Still, according to the NEW YORK DAILY NEWS, Lawrence Tynes is optimistic he can get his brother out of jail before the end of the Bush administration, perhaps because of his prior relationship with the president, brief as it is. As Brendan Brosh notes in the article, Tynes was singled out for praise by President Bush when the Giants visited the White House months ago, with the two exchanging brief pleasantries about Tynes’ NFC Championship winning overtime field goal against Green Bay.
“Is my brother guilty?” Yes? But 27 years? … My brother being in prison isn’t the injustice. The sentence was the injustice.”

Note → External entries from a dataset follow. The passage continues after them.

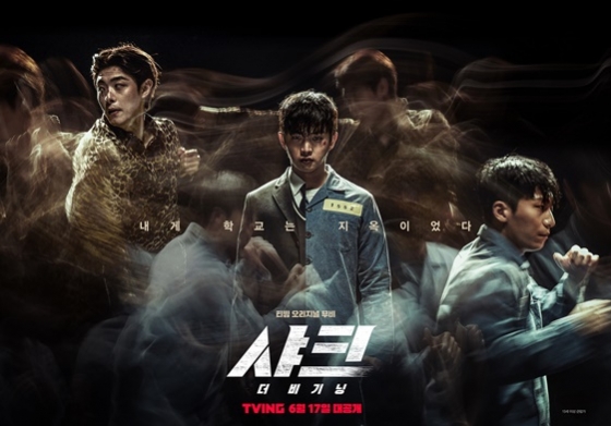 '샤크 : 더 비기닝'의 메인 포스터는 세 인물의 강력한 비주얼에서 뿜어져 나오는 폭발적 에너지로 단숨에 시선을 사로잡는다. 여기에 상어가 휩쓸고 간 것처럼 긁혀 있는 로고는 '샤크 : 더 비기닝'만의 리얼한 이미지를 거칠게 담아 이목을 집중시킨다. 먼저 정면을 응시하며 시선만으로도 비장함을 드러내는 차우솔(김민석 분)의 모습은 "내게 학교는 지옥이었다"는 카피와 함께 변화하는 그의 모습을 예감케 해 압도적인 긴장감을 선사한다.
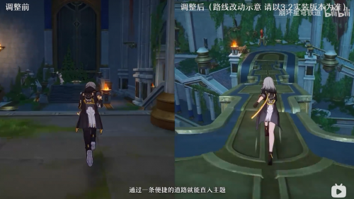 随后还有主线流程的优化。除了直播之前提到过的文本量减少外,前瞻直播还以直观的跑图对比,展现了他们是如何重新编排与简化3.0任务的路线与时间的。
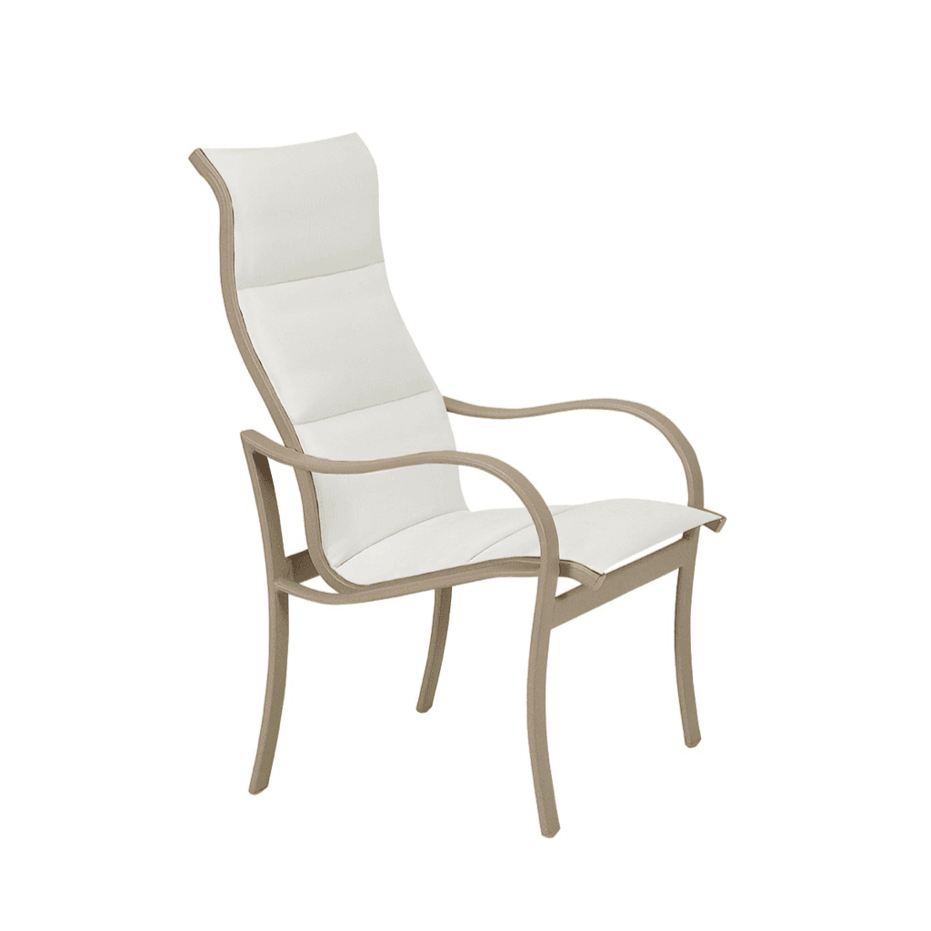 Inspired by the graceful curves of the beach, the Shoreline Padded Sling High Back Dining Chair boasts graceful arm supports and a sturdy well-crafted aluminum frame, which offers durability and ergonomic support. The ergonomically designed high back of the dining chair adds another level of comfort to any outdoor dining experience. The Shoreline Padded Sling Dining Chair features designer fabrics with padding for full-body comfort. Pair this classic outdoor patio chair with a Tropitone® Dining Table for your own private seaside escape.
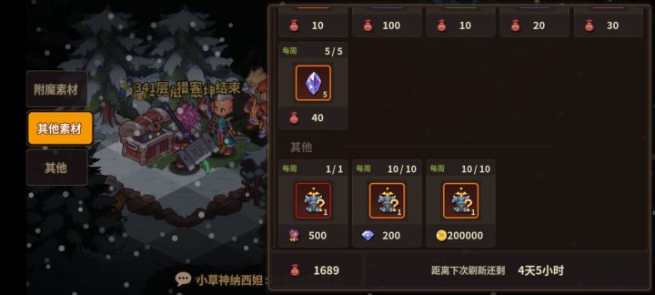 萌新玩家注意在339层后拟态怪就会刷新每周21个装备盲盒,还有注意43级及以上等级装备改造一律300钢,而42级只改造需要65钢,所以个人建议在347层打造3套好奇探险家。
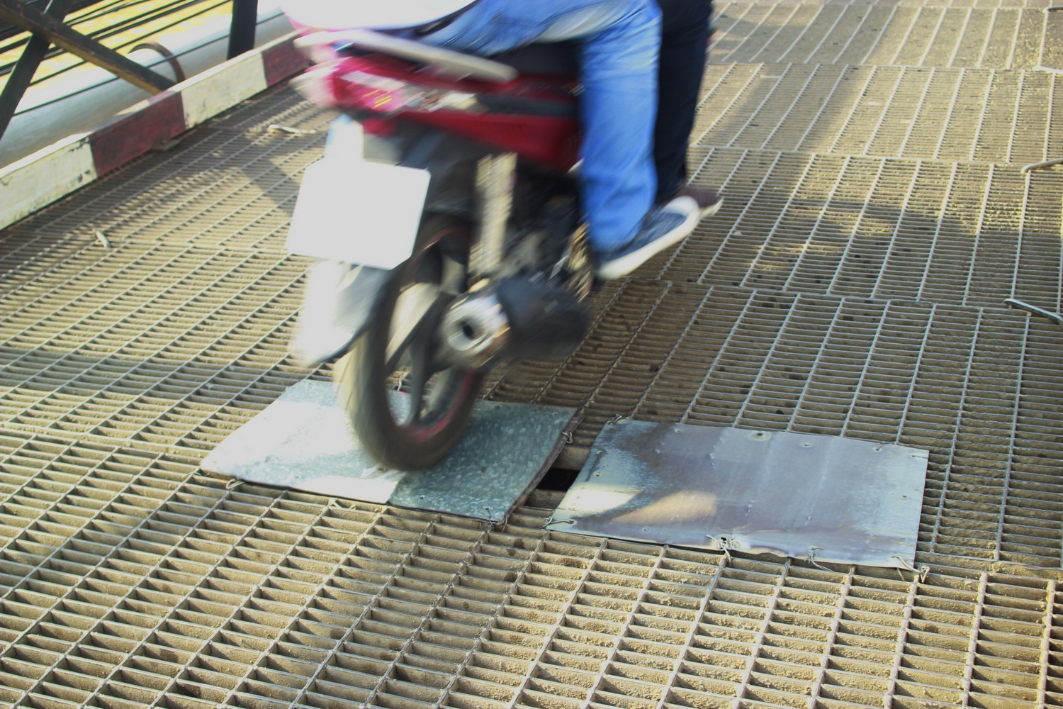 Mặt cầu không được vá bằng tấm sắt mà chỉ lót tạm tấm gỗ.

Still, Mark Tynes bigger card may be the man behind his brother’s push for his release: Robert Ortiz. The New Jersey-based lawyer is the the finance chairman for the New Jersey Republican State Committee, and he donated to Bush’s campaign in 2004.
(The Tynes family at the Super Bowl. Guess who wasn’t there? Here’s a hint: He’s serving years and years of federal jail time in Arkansas.)

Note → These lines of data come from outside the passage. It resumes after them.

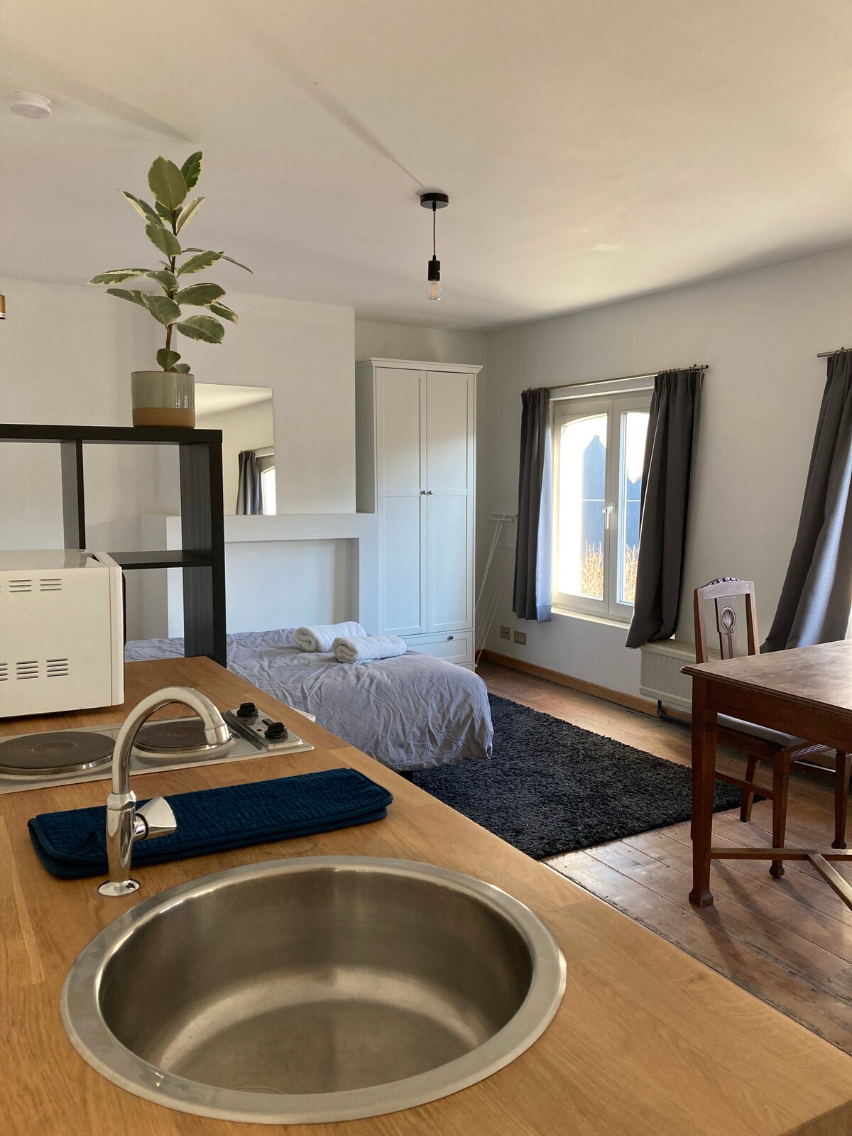 Нова студія недалеко від центру Гента. У студії є власна кухня та окрема ванна кімната. У дуже тихому таунхаусі, в тупику, ви можете насолоджуватися всіма зручностями. Студія щойно була повністю відреставрована, дуже затишно мебльована та обладнана всіма зручностями, щоб зробити ваше перебування приємним. Поруч із трамваєм, а також парковка в декількох метрах. Поруч кілька магазинів та ресторанів.
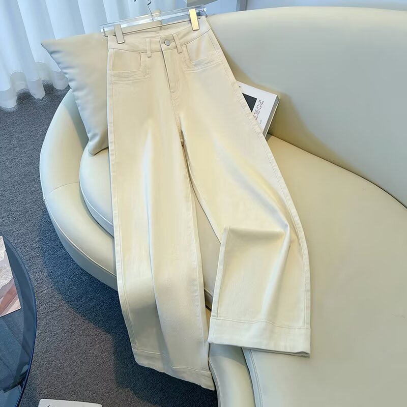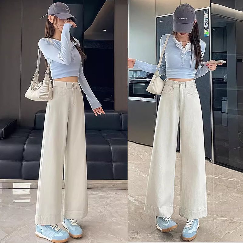 Главная страница > Эксклюзивные женские широкие джинсы цвета хлопчатобумажной ткани, весна-лето 2025, свободные, стройнящие, с драпировкой, прямые, модные
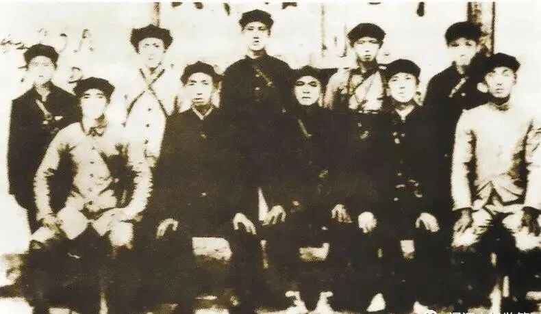 1935年8月,红二十五军部分指战员在两当的合影。前排左起:吴焕先、郭述申、徐海东、戴季英、赵凌波。

Regardless of how you feel about the Giants, you have to respect Lawrence Tynes’ crusading for his brother, regardless of how fruitless and unjustified it may be. The kicker has footed all of his brother’s legal bills and has spent a significant amount of his time off the field trying to convince anyone and everyone that Mark Tynes belongs in a more forgiving detention center than the Arkansas site he shares with convicted murderers on death row. The Giant’s prison of choice is at Otisville, in upstate New Jersey some 90 minutes from Giants Stadium, where Tynes could visit and monitor his brother’s progress.
You can’t write the end to this potential fairy tale story until it’s over, no matter how jaded it is. After all, we’re about to enter the magical holiday season. Still, the odds are most definitely not in the Tynes’ favor. Bush has all but completely ignored his power of presidential pardons — Scooter Libby aside — until the past week, when he eliminated or alleviated 16 sentences.
“Because Lawrence is high-profile, this will get people to look at the story and take a look at what happened to Mark,” Ortiz said.
Well, I’m taking a look at it, but I’m still not sure that the Tynes’ and Ortiz have a case. Or maybe they do. Good luck to them. Or maybe bad luck to them. After all, it’s not like we need more convicted drug traffickers on the street.